Let $X_{ij};i=1,2,\dots ,k,j=1,2,\dots ,n_i$ be a random sample with density function $f(X_{ij},x_{ij},{\mu }_i,{\lambda }_i)$, where ${\mu }_i$ and ${\lambda }_i$ are the parameters of interest and ${\delta }_i$ is a nuisance parameter. Let $x_{ij}$ be the observed values of $X_{ij}$. The GPQ is needed to satisfy the following two properties:

• The probability distribution of function $R(X_{ij},x_{ij},{\mu }_i,{\lambda }_i,{\delta }_i)$ does not depend on the nuisance parameter.
• The observed values for $R(X_{ij},x_{ij},{\mu }_i,{\lambda }_i,{\delta }_i),X_{ij}=x_{ij}$ are independent of the nuisance parameter.
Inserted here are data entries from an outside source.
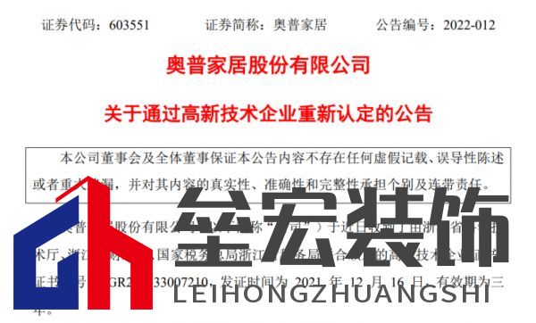 《高新技術(shù)企業(yè)證書》基本情況: 1、證書編號(hào):GR202133002641 2、發(fā)證日期:2021年12月16日 3、有效期:3年 對(duì)公司的影響: 本次高新技術(shù)企業(yè)的認(rèn)定系公司原證書有效期滿后的重新認(rèn)定。根據(jù)《中華人民共和國企業(yè)所得稅法》及國家對(duì)高新技術(shù)企業(yè)的相關(guān)稅收規(guī)定,公司自本次通過高新技術(shù)企業(yè)認(rèn)定后連續(xù)三年(即2021年至2023年)繼續(xù)享受高新技術(shù)企業(yè)的相關(guān)稅收優(yōu)惠政策,按照15%的所得稅率繳納企業(yè)所得稅。 二、奧普家居: 1月27日,奧普發(fā)布《關(guān)于通過高新技術(shù)企業(yè)重新認(rèn)定的公告》。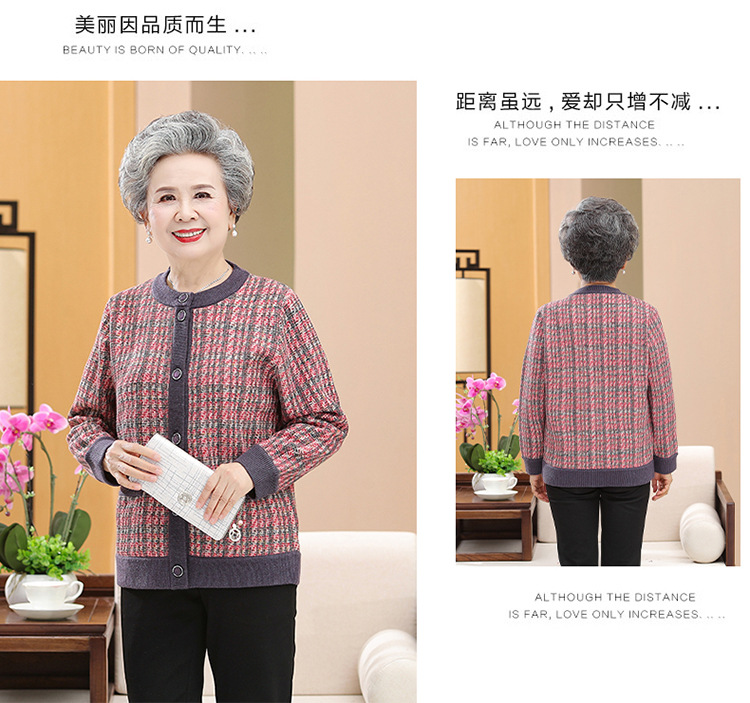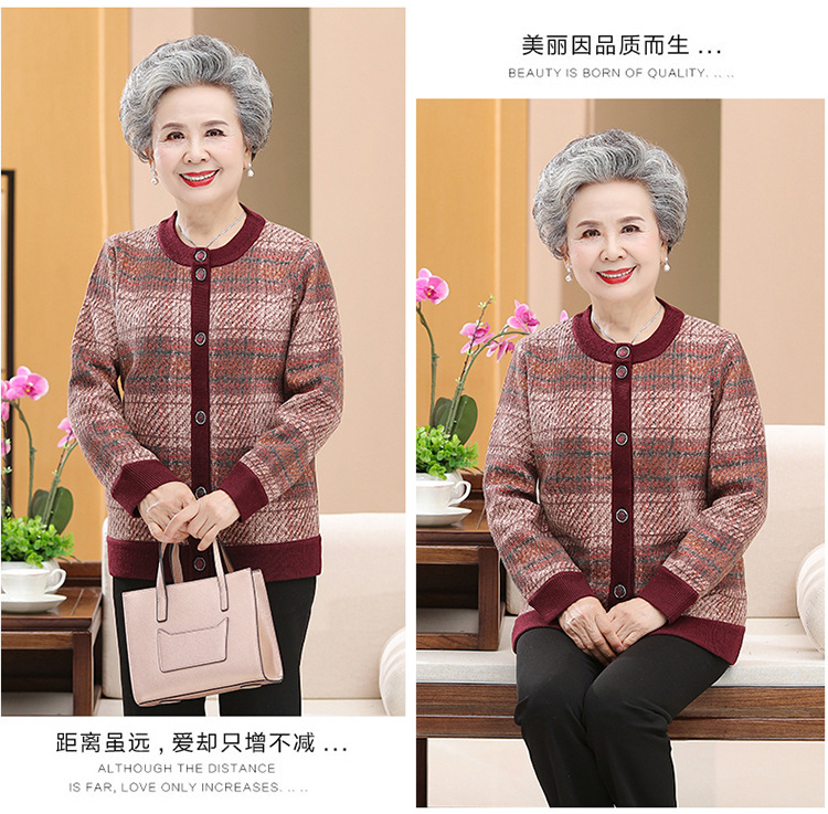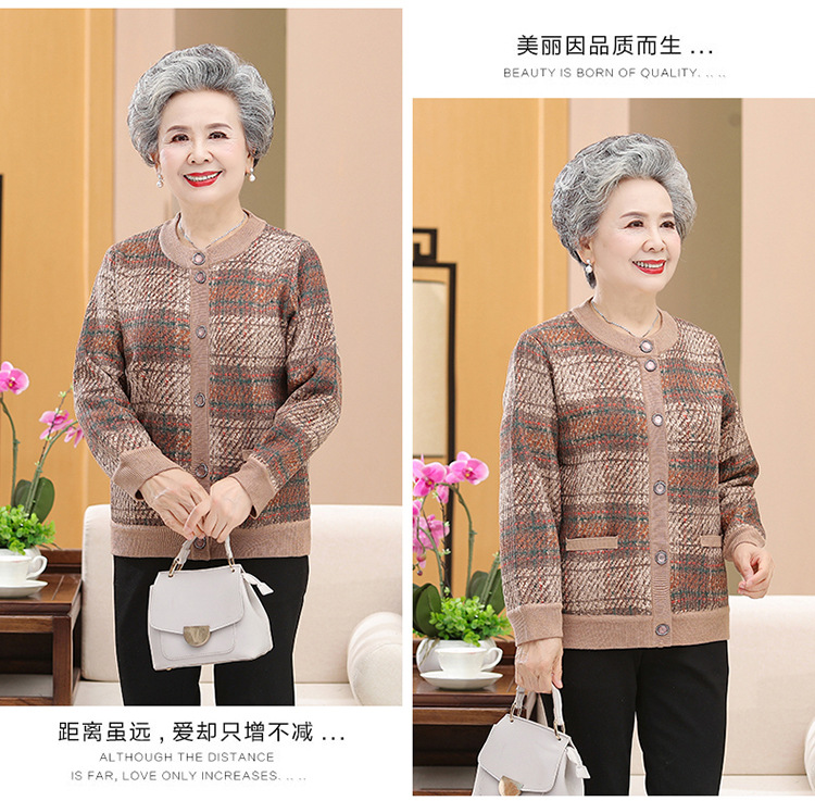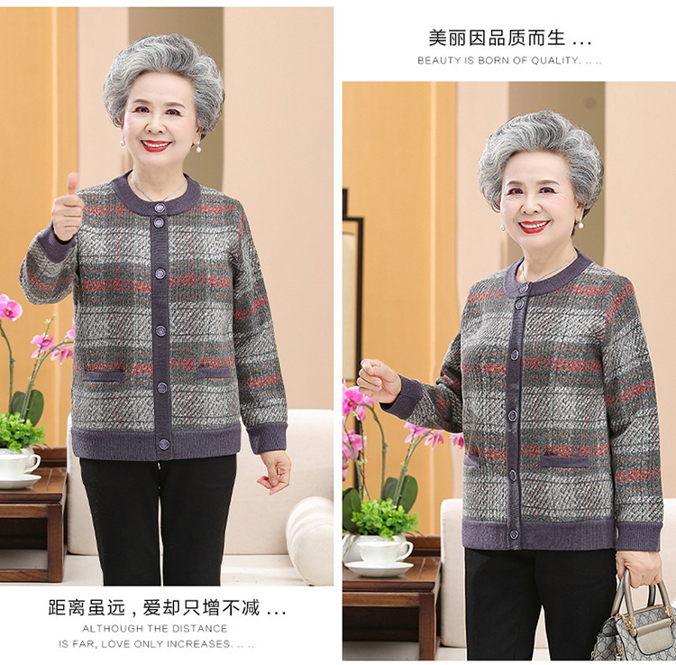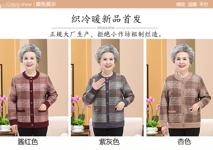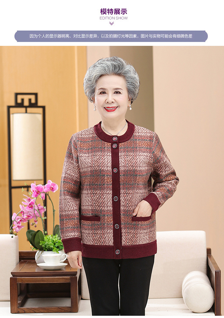 【加绒针织开衫】中老年人妈妈装 秋冬装毛衣外套 奶奶保暖上衣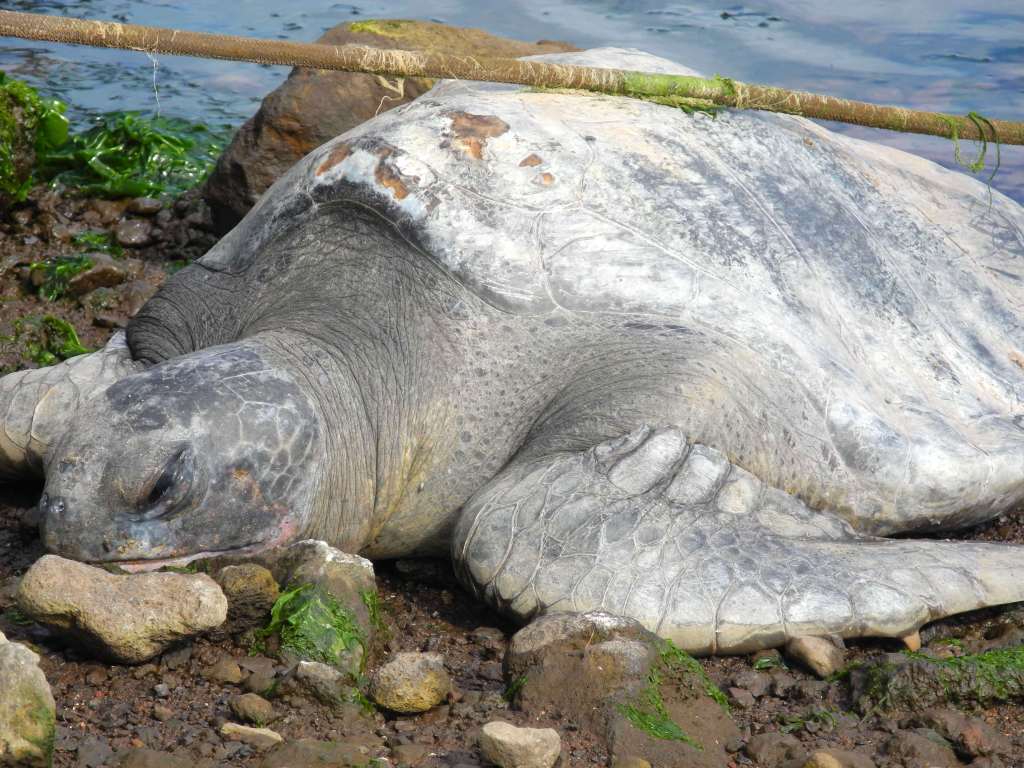 Giselita (« petite Giselle » !) la tortue géante, sort tous les soirs au même endroit pour faire la sieste au soleil, dans le port de Hanga Roa.

Given that $R_{\gamma }$ is the $100\gamma -th$ percentile of $R(X_{ij},x_{ij},{\mu }_i,{\lambda }_i,{\delta }_i),X_{ij}=x_{ij}$ then $(R_{\gamma /2},R_{1-\gamma /2})$ becomes the $100(1-\gamma )\%$ two-sided GCI for ${\mu }_i$ and ${\lambda }_i$. Therefore, it is essential to use the GPQs for ${\mu }_i$ and ${\lambda }_i$ to estimate the confidence interval for the common coefficient of variation $\left(\tilde{\tau }\right)$ for several inverse Gaussian distributions.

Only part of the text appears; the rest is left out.